# [What you will do]
Scan the data for "with" and copy each matching line.

# [Data supplied]
Segment Open
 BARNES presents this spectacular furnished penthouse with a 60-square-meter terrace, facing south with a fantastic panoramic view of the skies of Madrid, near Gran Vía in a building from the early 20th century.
Segment Closed
Segment Open
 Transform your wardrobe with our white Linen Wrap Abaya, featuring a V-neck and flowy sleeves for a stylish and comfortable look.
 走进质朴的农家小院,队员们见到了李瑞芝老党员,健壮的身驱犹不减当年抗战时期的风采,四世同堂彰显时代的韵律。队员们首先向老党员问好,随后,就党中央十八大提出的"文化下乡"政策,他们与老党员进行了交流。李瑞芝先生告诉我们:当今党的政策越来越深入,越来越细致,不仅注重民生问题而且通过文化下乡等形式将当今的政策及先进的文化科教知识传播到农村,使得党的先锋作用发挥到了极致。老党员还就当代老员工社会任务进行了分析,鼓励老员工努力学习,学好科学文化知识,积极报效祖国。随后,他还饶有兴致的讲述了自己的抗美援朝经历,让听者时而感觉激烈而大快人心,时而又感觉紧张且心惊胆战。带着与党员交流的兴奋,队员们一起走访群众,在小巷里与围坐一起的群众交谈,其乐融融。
Segment Closed
# [Solution below]
 BARNES presents this spectacular furnished penthouse with a 60-square-meter terrace, facing south with a fantastic panoramic view of the skies of Madrid, near Gran Vía in a building from the early 20th century.
 Transform your wardrobe with our white Linen Wrap Abaya, featuring a V-neck and flowy sleeves for a stylish and comfortable look.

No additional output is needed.